Grace Van Pelt sat bolt upright in her bath. She'd put extra bath foam in tonight, the bubbles floated on the water almost up to the rim so wallowing wasn't really an option, she told herself. She'd lit even more candles this evening, put them on plates all over the bathroom floor and the whole room had an attractive glow that she had hoped would be more relaxing than it in fact was. The bath had always been her special place. As usually happened, her thoughts strayed to Princess Ariel and pretending the bath was the ocean when she was little. Then, as night follows day her thoughts span around to the reason for all the stress.
'You're deeply repressed and emotionally shut down.'
She hadn't thought about it for years, her weird college freshman party blackout had never crossed her mind until now. Her focus had been on learning stuff, passing exams, getting good grades. After college she'd been accepted on the police graduate fast track programme, she had loved training to be a cop but even when they'd covered all the different classifications of assault she hadn't associated any of them with her experience. She'd been delighted when she heard her application to Serious Crimes in Sacramento had been accepted. No-one gossips like cops, news like Patrick Jane got around and she'd heard the same rumours as everyone else. The other trainees had mocked her wanting to join "the psychic squad" but she'd been intrigued by the setup and keen to join the team with the best closure rate in the state. She had always been ambitious.

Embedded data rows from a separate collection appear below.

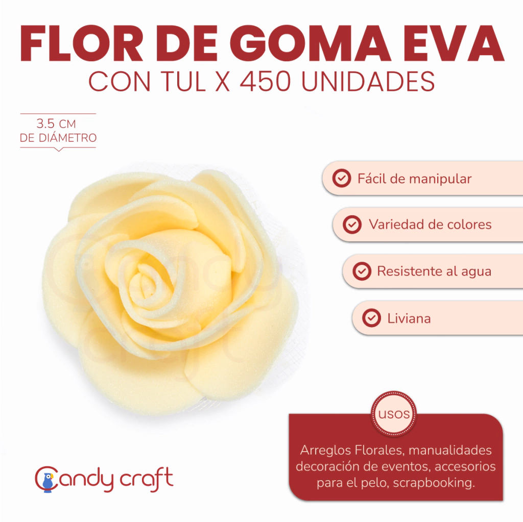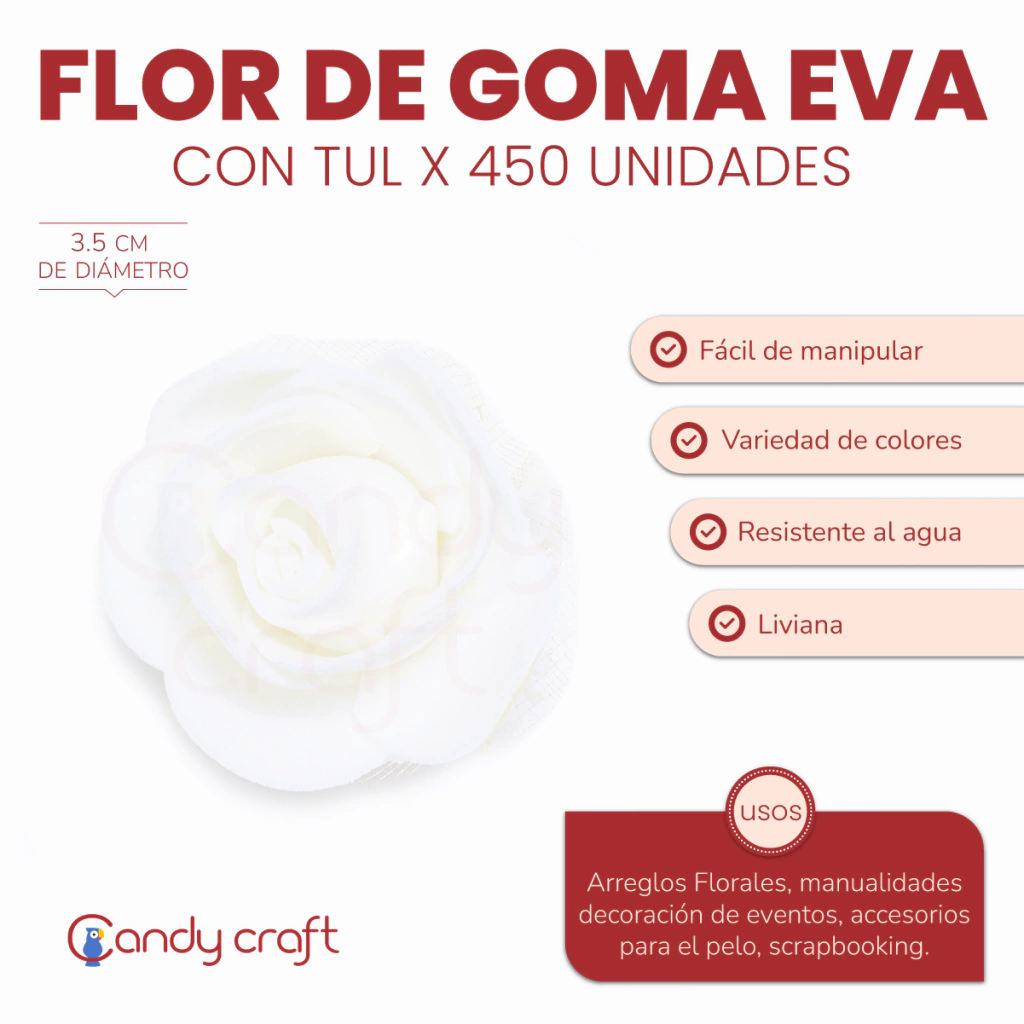 Medida  Diámetro: 3.5 cm aprox Material: Goma Eva con Tul Cantidad: 1 paquete con 450 unidades del mismo color Uso: Cotillón, Vinchas, Egresos, Bodas, Decoración, Cumpleaños, Confección
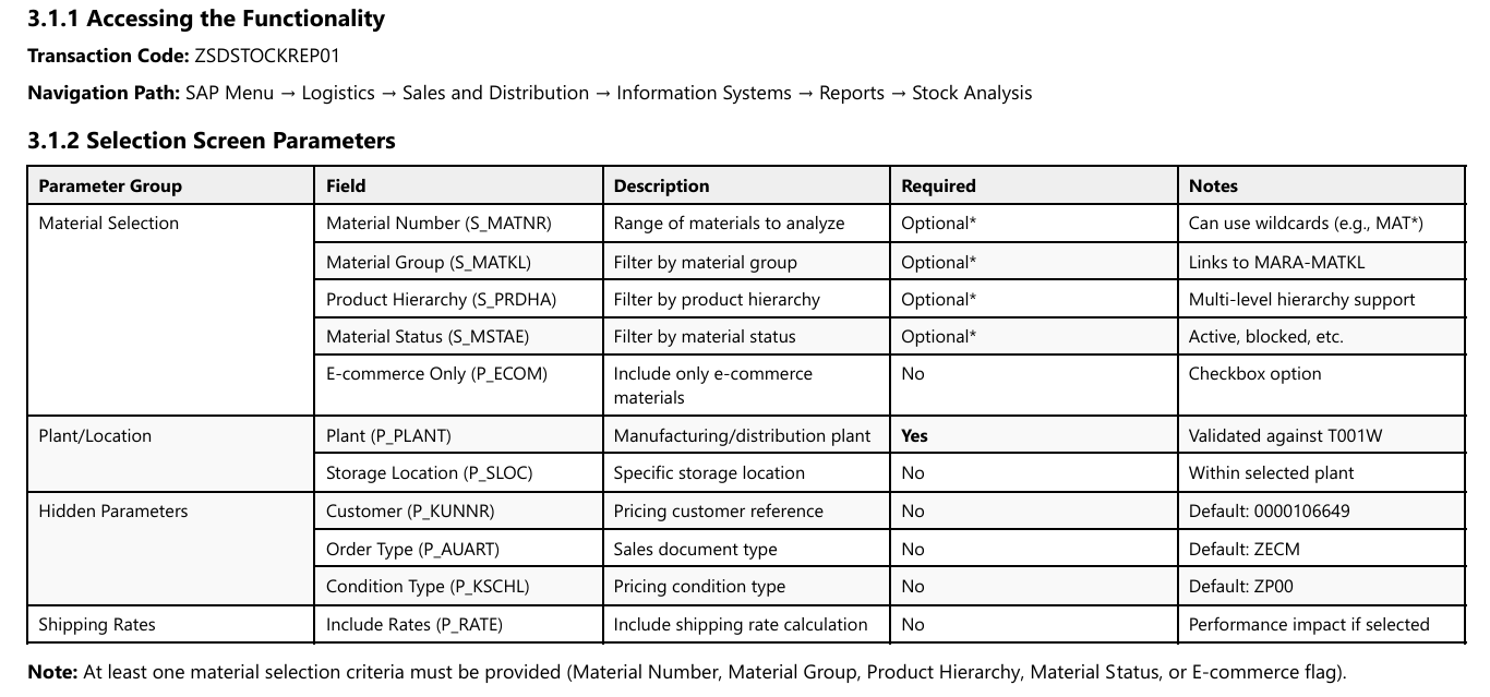 Support Considerations: Guidance for system administrators or BASIS teams on authorizations, performance considerations, and system dependencies.
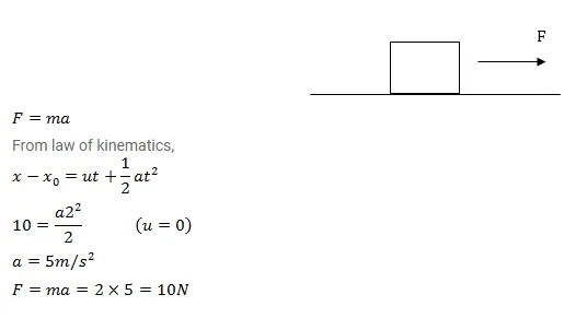 A block of mass $2 \mathrm{~kg}$ placed on a long frictionless horizontal table is pulled horizontally by a constant force $F$. It is found to move $10 \mathrm{~m}$ in the first two seconds. Find the magnitude of $F$.
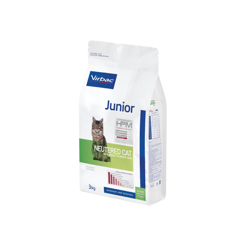 C’est ce que permet VETERINARY HPM JUNIOR NEUTERED CAT, riche en protéines animales, pauvre en glucides et enrichi en ingrédients spécifiques.
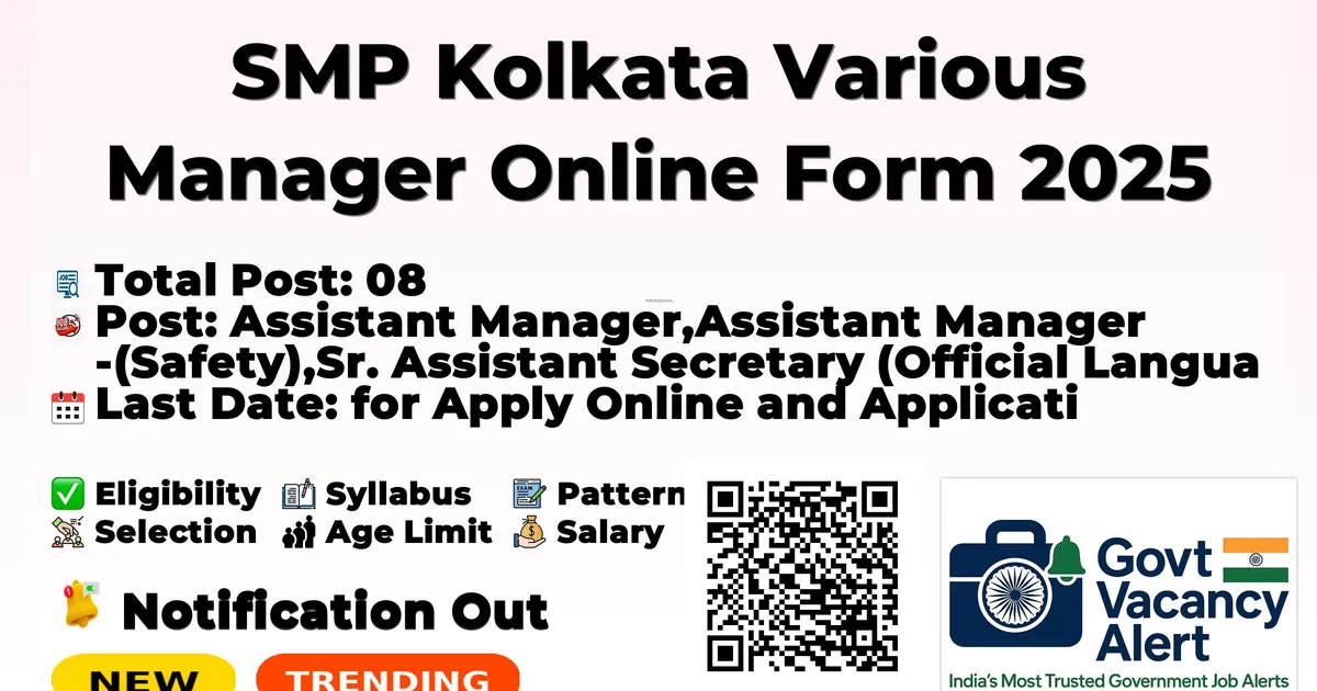 The Syama Prasad Mookerjee Port Kolkata (SMP Kolkata) Recruitment 2025 for 08 posts of Assistant Manager, Deputy Materials Manager and More. Candidates with B.Tech/B.E, Diploma, M.A, ICSI Can Apply Online. The online application opens on 15-09-2025, and closes on 24-10-2025. The candidate shall apply online through SMP Kolkata website, smp.smportkolkata.in. The SMP Kolkata Assistant Manager, Deputy Materials Manager and More Recruitment 2025 Notification PDF has been released on 13-09-2025 at smp.smportkolkata.in. Check the complete job details, vacancy, age limit, application fee, selection process and how to apply from the article. You can Check all Latest Sarkari Result Updates of All Central Government Jobs and State Government Jobs. SMP Kolkata Assistant Manager, Deputy Materials Manager and More Recruitment 2025 Notification PDF

'Because of a trauma in your past'
Ambitious, that was what she'd told herself. She really had always wanted to become a detective, she really was ambitious. She'd told herself that there was nothing wrong with having fun but she was too young for serious relationships, she wanted to be established in her job before she even thought about settling down with someone. She now realised she'd been running away from commitment and lying to herself that it was all about ambition. Jane had dug it all up again with a thoughtless handful of words and she wasn't sure she would ever be free of it again. At the time she had pretended it hadn't happened, locked it all away. Now she wondered why she couldn't do that again.

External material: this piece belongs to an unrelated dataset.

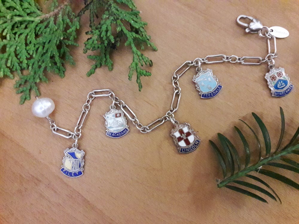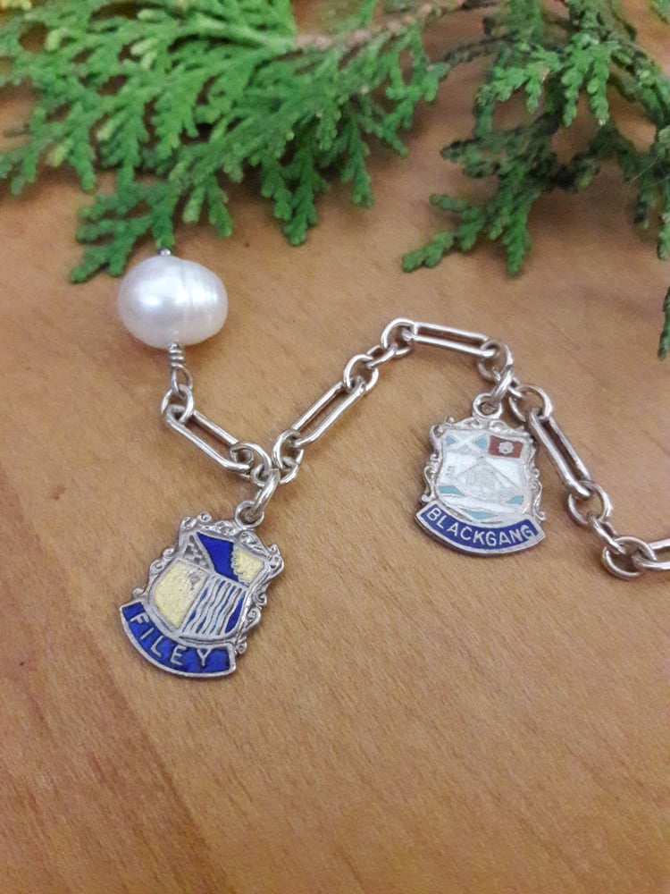 Five antique enameled sterling English city souvenir shields on long and short bracelet, freshwater pearl dangle. 7-1/2" long.
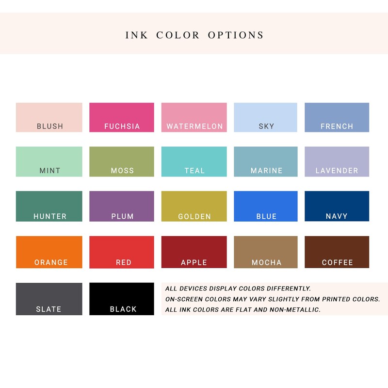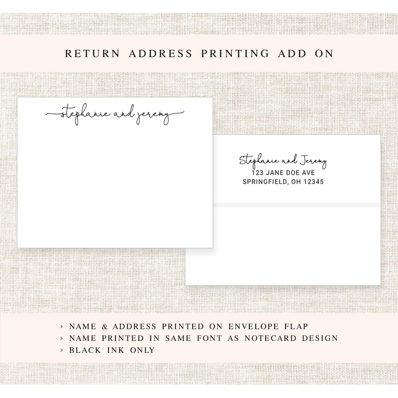 - CUSTOMIZATION - Select the "Customize & Add to Cart" button to enter the name / text you want printed. The name will be printed in the font shown in the pictures. Next, select an envelope color from a list of envelope colors and choose ink color from the dropdown options. The return address printing is an optional add-on. To include this option, enter the name and address to print on the back flap of the envelope.

'That you've never spoken of'
She recalled being at the party at college, feeling like she was about to pass out. She'd had bruises on her shins and forearms but she remembered stumbling on the stairs, didn't she? Yes definitely, the sensation in her mind was of falling, landing on hands and knees, her face up close with the stair treads. Why had she felt she wasn't alone in that moment? She didn't remember seeing anyone, had heard no voice, felt no touch. Then she'd woken up next morning in bed in her dorm room, alone but naked under the bedclothes, her clothes dumped in a heap on the floor. She remembered finding them there next to her bed the following day. That was uncharacteristic, she usually slept in pyjamas, usually put her clothes away or threw them into the hamper. Would suddenly being taken ill make her behave so differently?
'To anyone'
She couldn't get the idea out of her head that she might have been drugged and… with no other phrase to offer the cop inside her head thought "sexually assaulted". No, there would have been evidence, she would surely have spotted something on the bedclothes the next morning or remembered something happening to her… If she had just been taken ill why did she only remember such small fragments, why would illness make her lose her sense of trust? The thoughts kept going round and round in her mind without ever coming to any conclusions. How could she get it all out of her head? Where would she even start?
'Ever'
Damn Jane! Why did his words get to her so much?